Lol, Deidara's got a business now. I'm so excited!


----------



## The_Dei_un (May 10, 2008)

Tehe well he did have a bussiness if you have read that far,.


----------



## .::Haru::. (May 10, 2008)

Loving the fanfic! The story is really good, I love all the emotion in it~<3
Can't wait to read more! Good Job <3


----------



## The_Dei_un (May 10, 2008)

Well thank you Haru.  hope your a more frequent viewer. Feel free to ask questions when needed. ^^


----------



## Tsunade_chan (May 11, 2008)

n.n yay, *huggle* good update Dei-kun.  Now, get off your lazy but adorable butt and finish it


----------



## The_Dei_un (May 13, 2008)

Link to completed Chapter Eleven


----------



## Tsunade_chan (May 13, 2008)

n.n Very nice Dei-kun, *huggle* lol, you included plantman


----------



## Miss Fortune (May 13, 2008)

aww! deidei meets plant man! LOOK OUT!! he will... slap you with a vine.... oh please..
zetsu: ITS RAZOR SHARP!!
yeah right.. mutant plant... whoo hoo.... *takes out weed killer* 
zetsu: what's that?
your worst nightmare. *sprays killer on zetsu*
zetsu: AWHHH!! MY EYES!! AGHHH!! IT BURNS!!
oh look at that.... acid.... so even if you are human... it'll kill you! 

nice new siggy sensei! inuyasha and the band of seven arch was a good one!


----------



## The_Dei_un (May 13, 2008)

Tsunade_chan said:


> n.n Very nice Dei-kun, *huggle* lol, you included plantman



Plant man is cool 

@Clara

Yes indeed it was. They are my favorite pairing from the show  I miss them


----------



## Tsunade_chan (May 13, 2008)

I never said plantman wasn't cool...you of all people know I unconditionally love Zetsu-kun...anyway, as I've said countless times before, you must update again soon

@Clara- Don't kill my plantman, lol


----------



## Miss Fortune (May 13, 2008)

it's sooo sad they died... again.... damn naraku... i thought i would like him too!!


----------



## Bachi-san (May 13, 2008)

luvs the chapter! Some Akatsuki action, eh? 
Lol, it completely slipped my mind that we've got the same Zodiac sign


----------



## The_Dei_un (May 13, 2008)

Same zodiac sign really? Interesting.....

Only 5 more days til i'm 16  I'm so excited I get to order three more akatsuki plushies..I have Dei Tobi and Sasori

@Clara I want my Ban-Ban back


----------



## Miss Fortune (May 13, 2008)

ok... he acts sort of childish,.... that's why he's easy to like!!! i love sesshy- kun!!! HE'S SOOO CUTE!


----------



## Tsunade_chan (May 13, 2008)

Hmmph, bleh, Senpai gets the adorable Monkey...you get Ritsu-chan..hmm, I'm the Rooster, I get Kureno...bleh *huggle* Still, get your butt on the forums again soon, Deidei


----------



## Bachi-san (May 13, 2008)

Wow 16?! lol... Am I the youngest out of all of us....? 0.o
My "friends" want me to throw a big sweet-sixteen party next year (*gasp* did I just give away mon age?!) I'm liek, "NO FU****' WAY! MUAHAHAHAHA! They are so dumb... I don't know why I still talk to them...

lol.... plushies


----------



## Tsunade_chan (May 13, 2008)

Uhm...I think I'm the youngest out of all of us, lol, I'm 14...


----------



## Bachi-san (May 13, 2008)

makes sense...  I feel old now <.<
Yay.
 Smiles*


----------



## Miss Fortune (May 13, 2008)

HEY!! im 14 smart one! tsunade is older than me. she's..... a few months older than me. blah.


----------



## Bachi-san (May 13, 2008)

That means that out of Clara, Tsunade-chan, Dei_un and me, I'm second oldest!!  Yays!
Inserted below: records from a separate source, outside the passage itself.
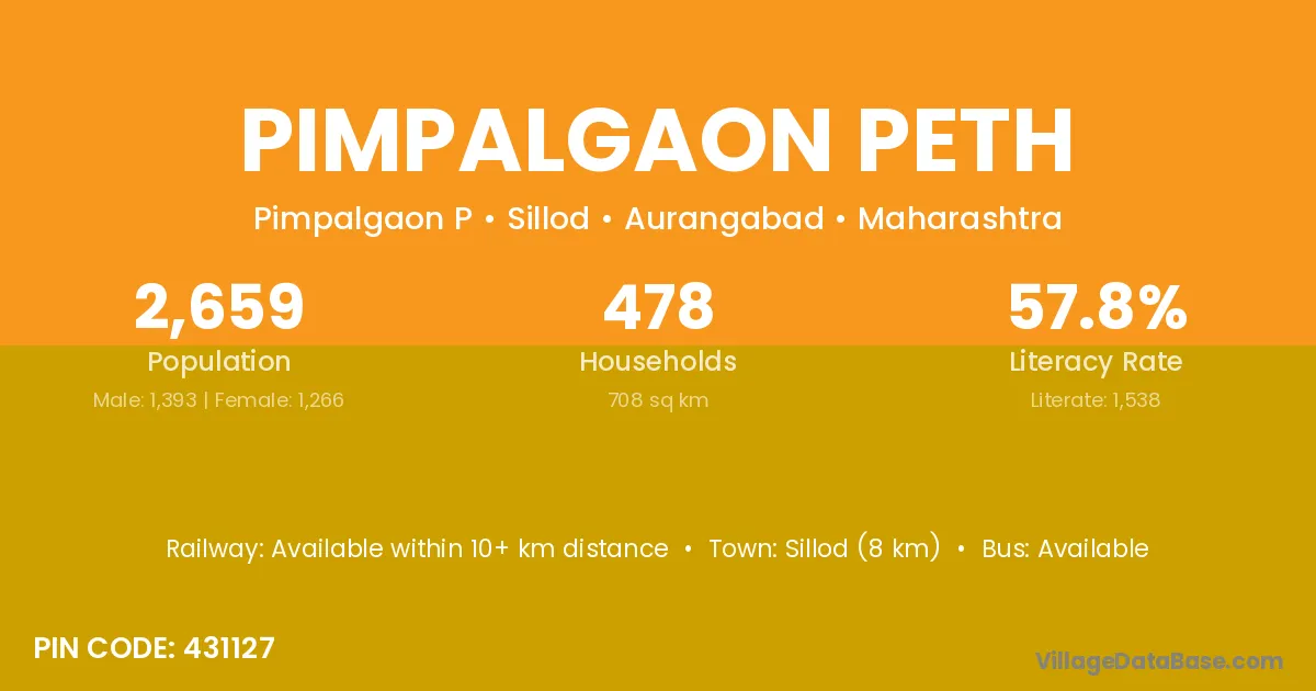 Sillod (8 km) is the nearest town to Pimpalgaon Peth village for major economic activities and is located approximately 8 km away.
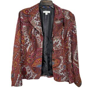 Coldwater Creek Blazer Womens Medium Red Paisley Colorful Boho Workwear Career
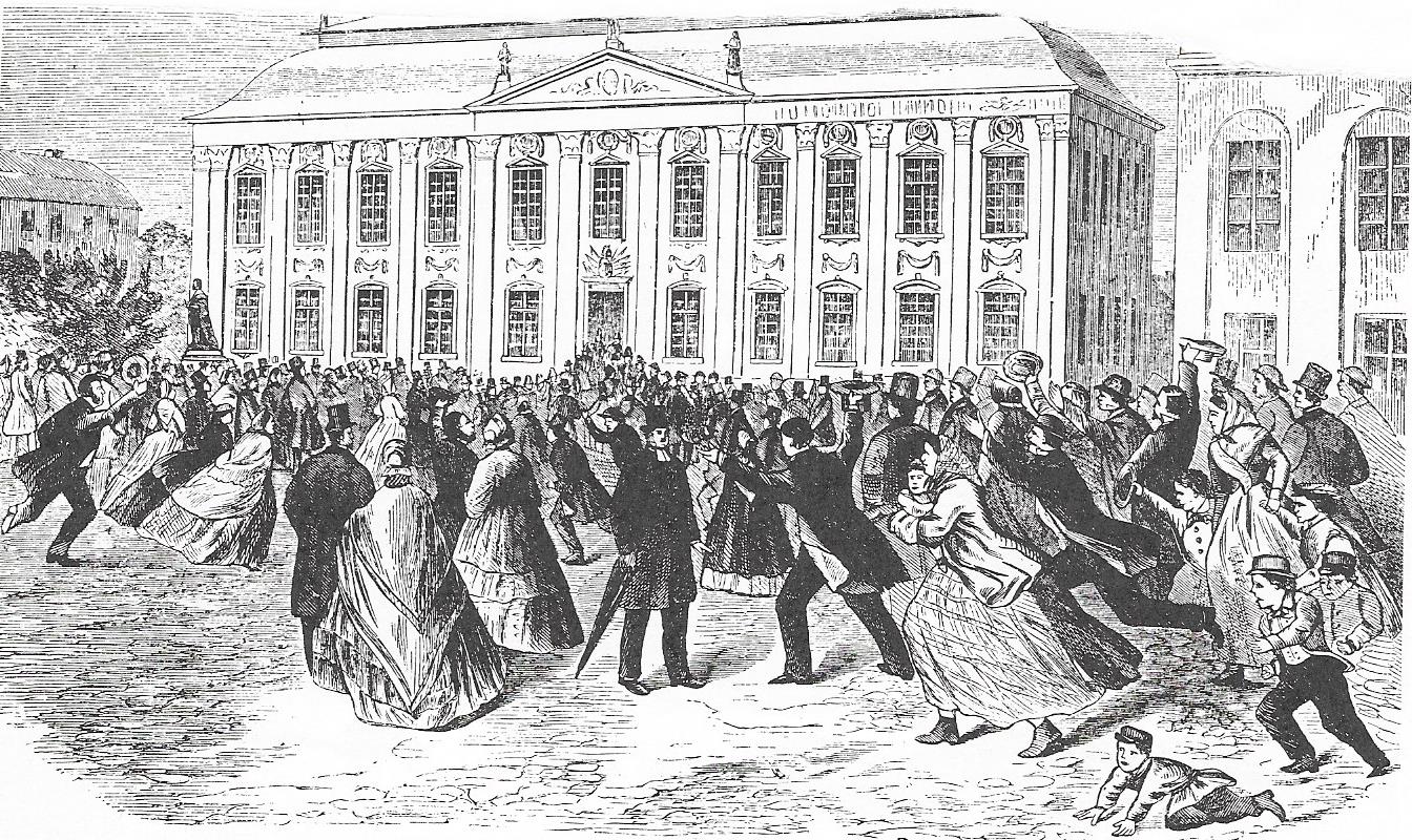 Bilden på hur det såg ut utanför Riddarhuset den dag beskedet kom att Sverige hade fått en ny riksdagsordning har jag hämtat ur boken ”Fredrika Bremers Stockholm” skriven av Bengt Järbe.
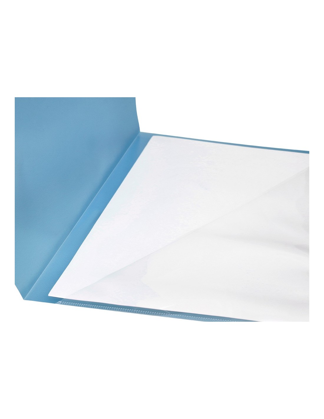 Fabricada en polipropileno de colores translúcidos y opacos. Con tarjetero y solapa interior. Para la protección y conservación de documentos. Capacidad hasta 20 hojas. Formato DIN A4. 180 micras.
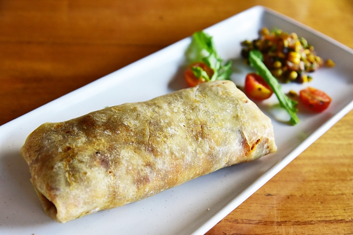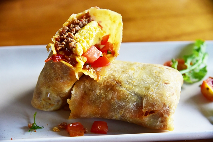 5. Texas Breakfast Burrito (Rp. 86.000) – เบอร์ริโต้ไส้สแครมเบิ้ลเอ้กและเนื้อหมูสับผัดซอสสไตล์เท็กเม็ก
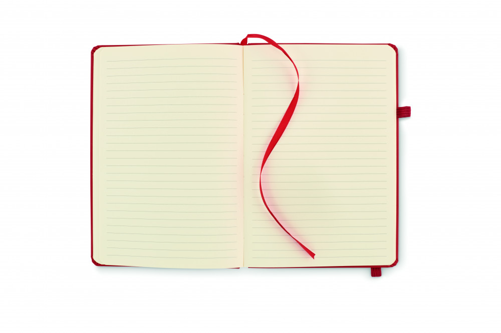 A5 jegyzetfüzet, 70%-ban fogyasztás előtti újrahasznosított bőrből és 30%-ban latexből készült PU borítóval. Cérnafűzött. 192 vonalas oldal újrahasznosított papírból (96 lap). Színben illeszkedő elasztikus zárópánt, tolltartó hurok és könyvjelző szalag.
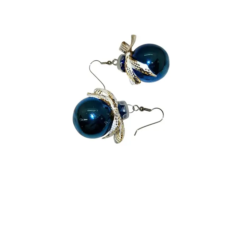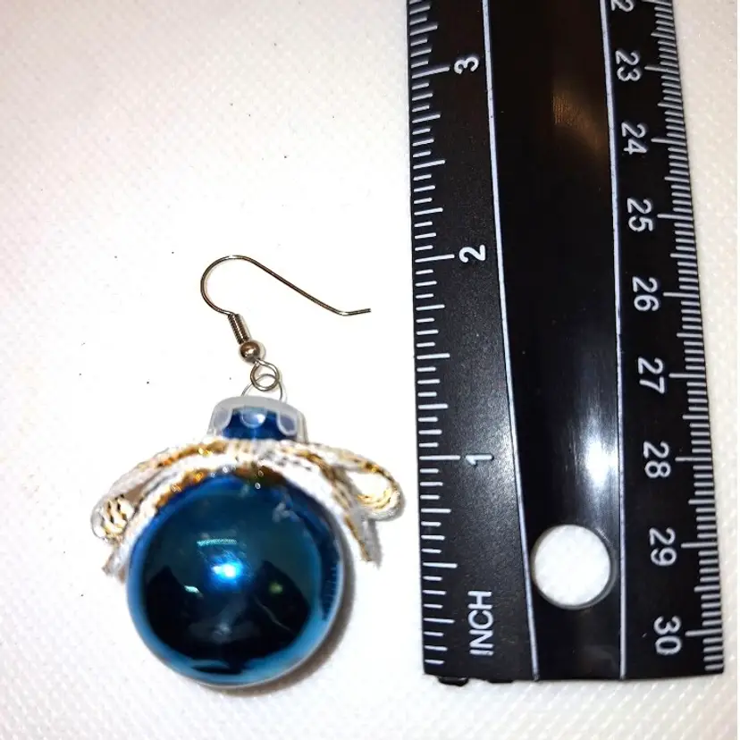 Christmas Ornament Earrings Blue Ball White and Gold Bow Fishhook Ear Wires See photos for measurements
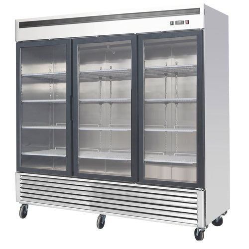 Reach-In Refrigerator, three-section, 81.9" W, 68 cu. ft. capacity, bottom-mounted self-contained refrigeration, (3) glass self-closing locking hinged doors, (9) adjustable shelves, 33° to 38°F temperature range, digital display/controls, stainless steel exterior, stainless steel interior, (6) 4" casters (3 locking), R290a refrigerant, 1/3 HP, 115v/60/1-ph, 4.2 amps, cETLus, ETL-Sanitation
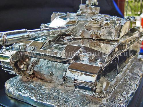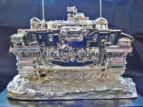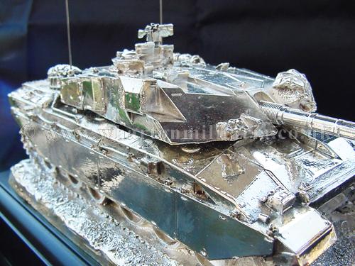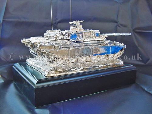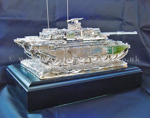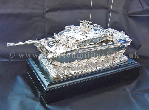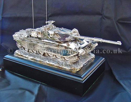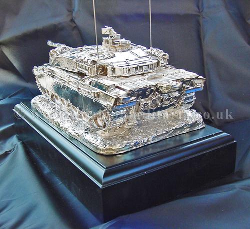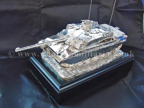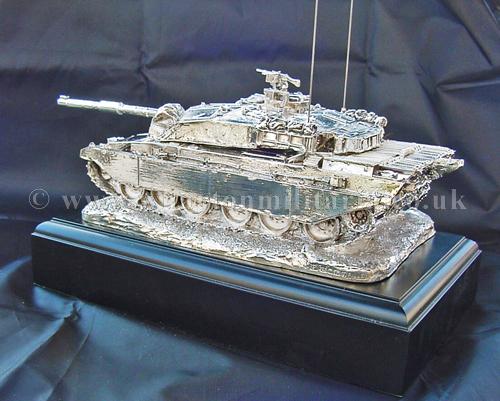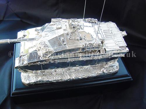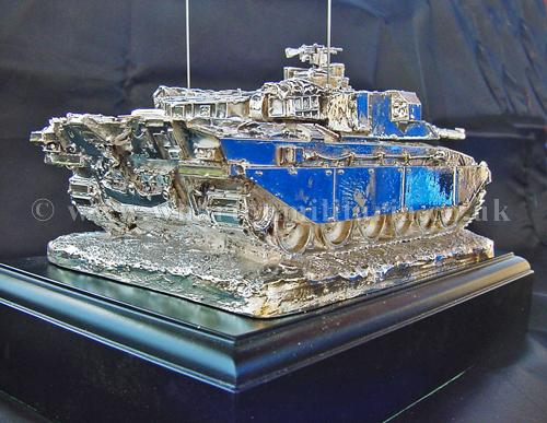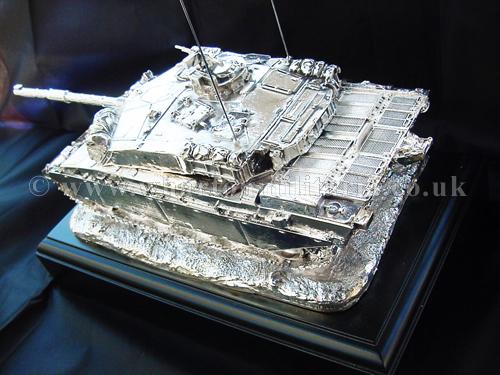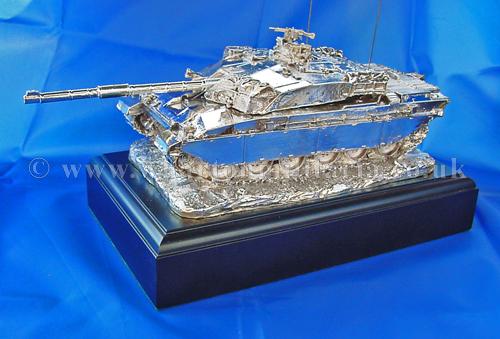 A beautiful hallmarked sterling silver mess table piece of a Challenger 1 tank, this silver model is one of the finest silver Challenger 1 tanks made to date. The tank is an awesome 14 inches approx in length and extremely detailed. This tank was specifically made for the Royal Tank Regiment mess table.
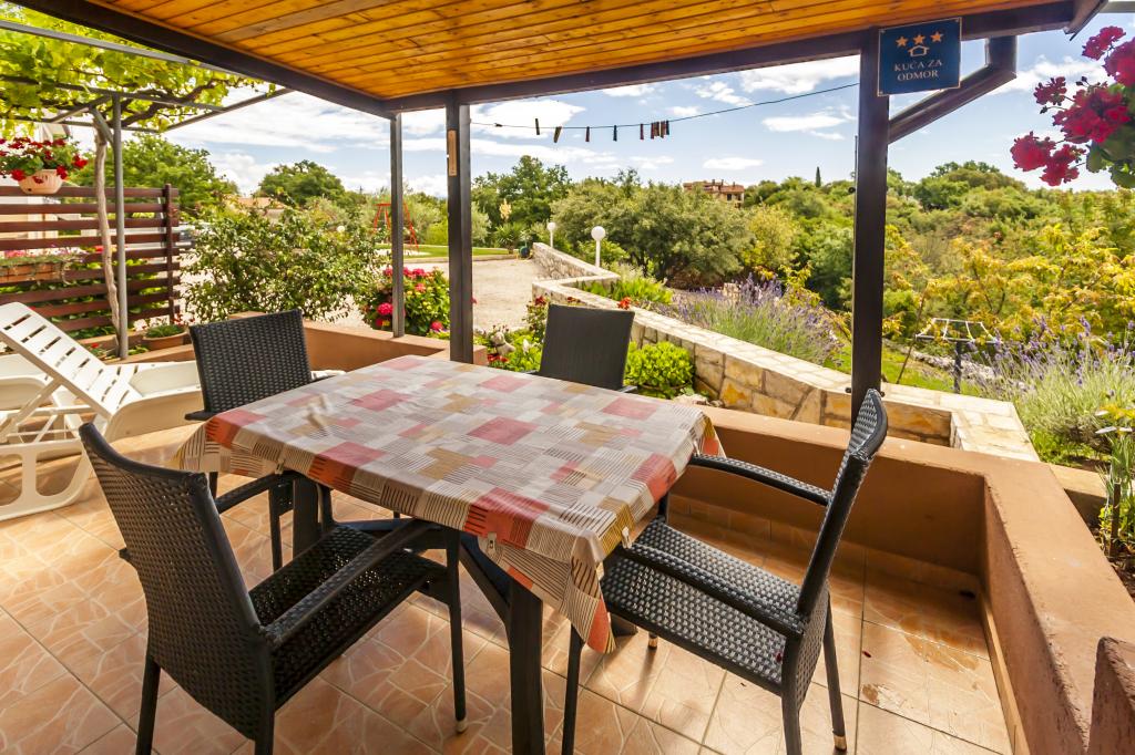 Ten niewielki, urokliwy dom z widokiem na morze w spokojnej okolicy, w otoczeniu zieleni, zaledwie 5 minut drogi od morza i 5 minut od starego miasta Labin. Z tarasu rozciąga się piękny widok na morze i wyspy Kvarner. Posiada jedną sypialnię, kuchnię, pokój dzienny z rozkładaną sofą oraz łazienkę. Dom jest przestronny taras z grillem i leżakami. Dom wyposażony jest w klimatyzację, telewizję satelitarną, piekarnik, mikrofalówka, ekspres do kawy, pralka, suszarka do włosów oraz bezpłatny bezprzewodowy.
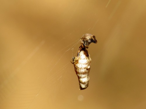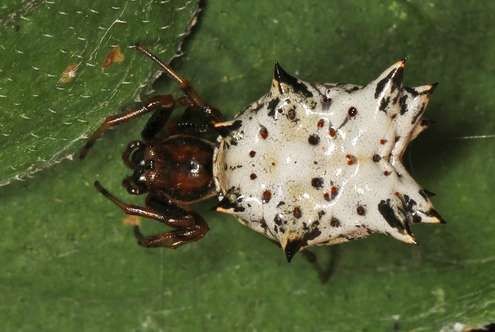 雌性較為常見。身體分為頭胸部和腹部。頭胸部為棕黑色。腹部白色,背部側邊具刺狀構造,向斜上方突出,表面粗糙且不均勻,有黑色和深紅色條紋。
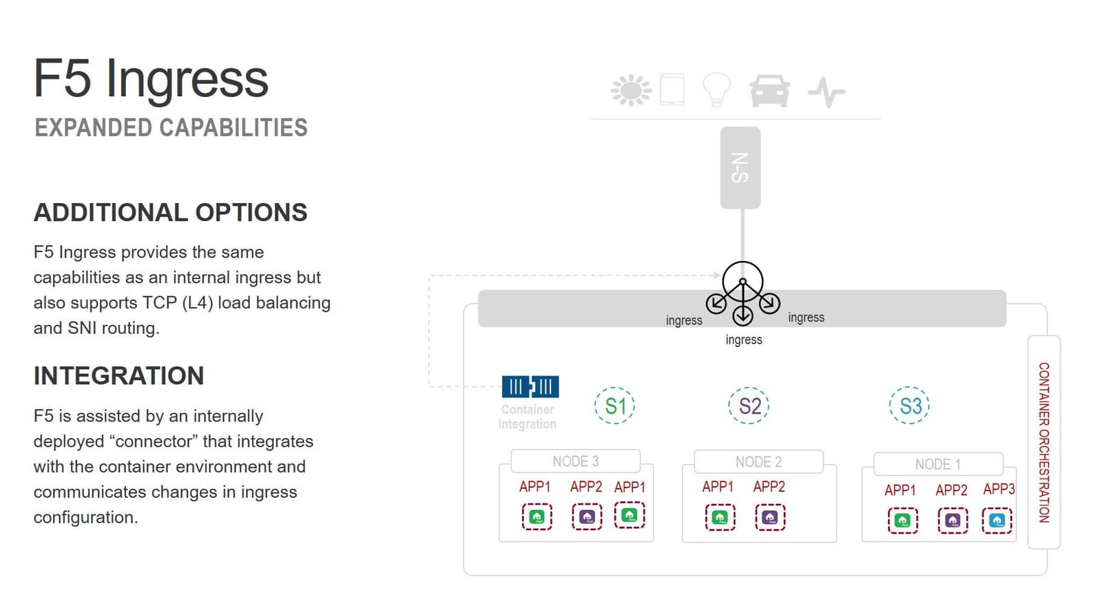 F5 is typically deployed external to the container environment. It's often used as a load balancing solution to expose clusters externally, i.e. provide public access to services comprised of a container cluster. A CNCF survey found that 67% of respondents choose a load balancer option to expose cluster services externally, with another 33% leveraging ingress (L7) capabilities.
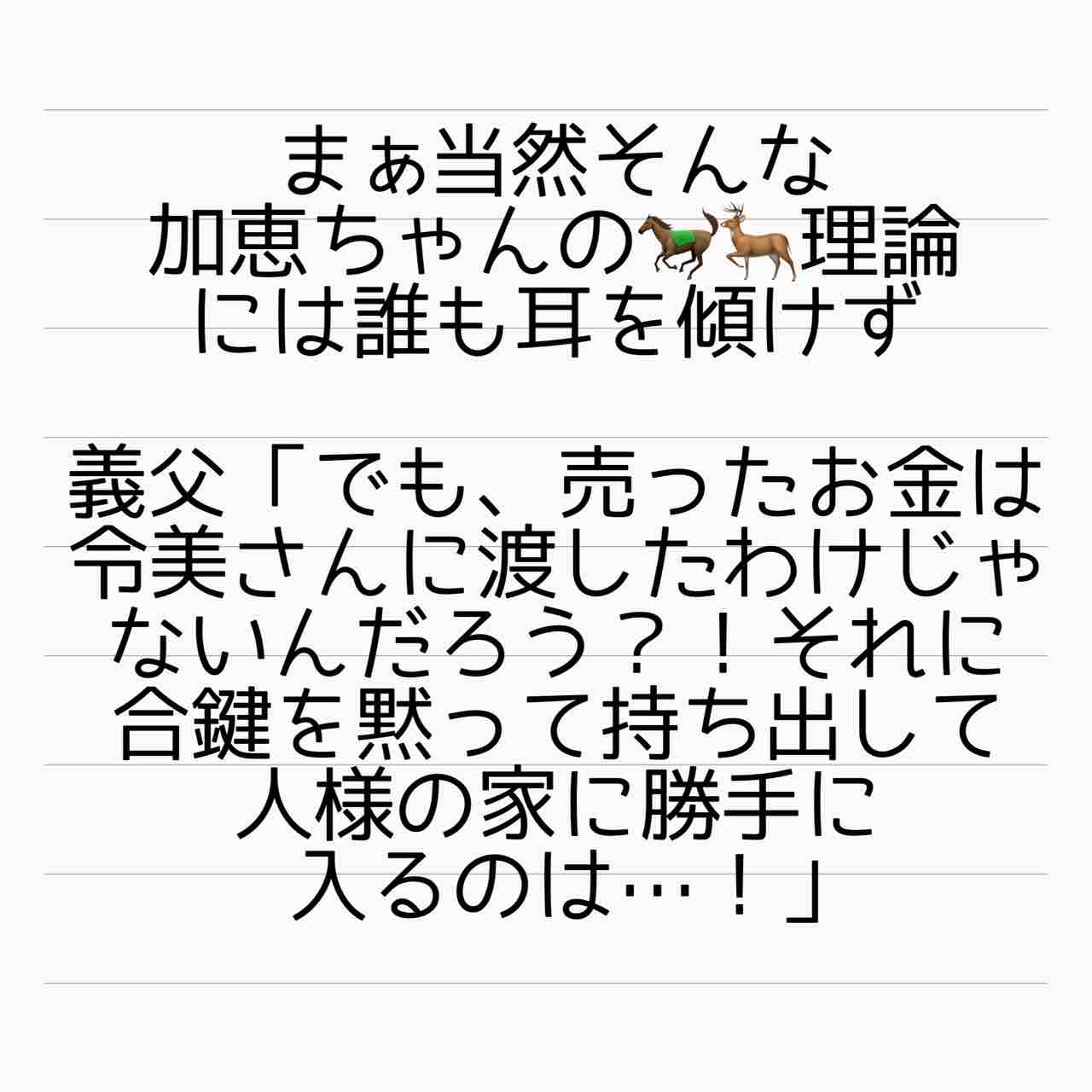 合鍵だって令美さん夫婦が渡したものではないし、加恵のした事は泥棒と一緒です。
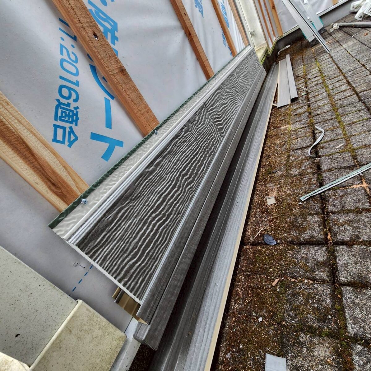 サイディング本体を張る前に、まずは板金役物などの付帯工事を行います。
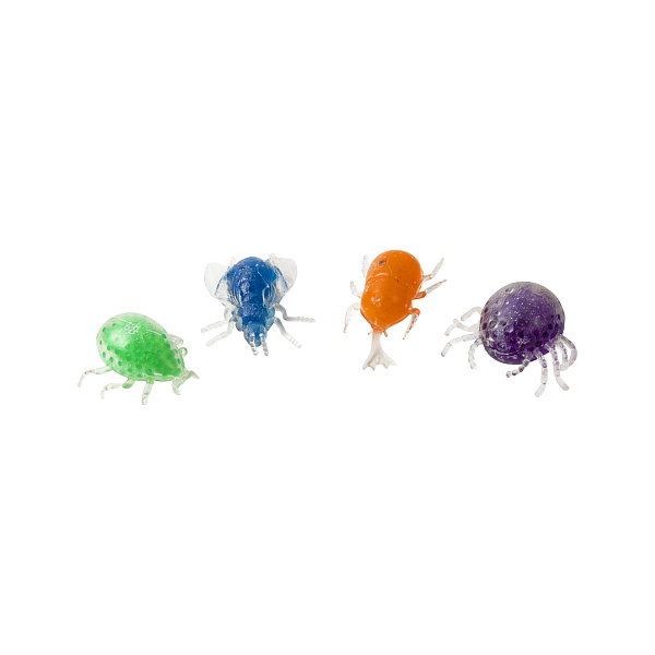 Четыре игрушки-антистресс в форме насекомых разных видов и цветов. Зеленый жук с крупным телом и прозрачными ножками; синий жук с прозрачными крыльями, ножками и усиками; оранжевый жук с крупным носом и ножками; фиолетовый паук с прозрачными ножками и большим тельцем. При сдавливании внутри игрушки становятся заметны большие цветные шарики. Малыш будет надолго увлечен такой игрушкой, что позволит родителям заняться повседневными делами. Подходит для детей любого возраста, поможет справиться со стрессом и станет оригинальной, но полезной игрушкой для ребенка.

The two oldest are both Taurus too 
Random moment: Just realized, I haven't sang my anthem in over three years 

So... I wonder what Deidara will do when he finds Sasori  ehem sry... daydreaming


----------



## Miss Fortune (May 13, 2008)

im daydreaming....................... gaarakun........................ off withthe clothers!!!!!


----------



## The_Dei_un (May 14, 2008)

Tis all very nice that you are here but let us not get into trouble again.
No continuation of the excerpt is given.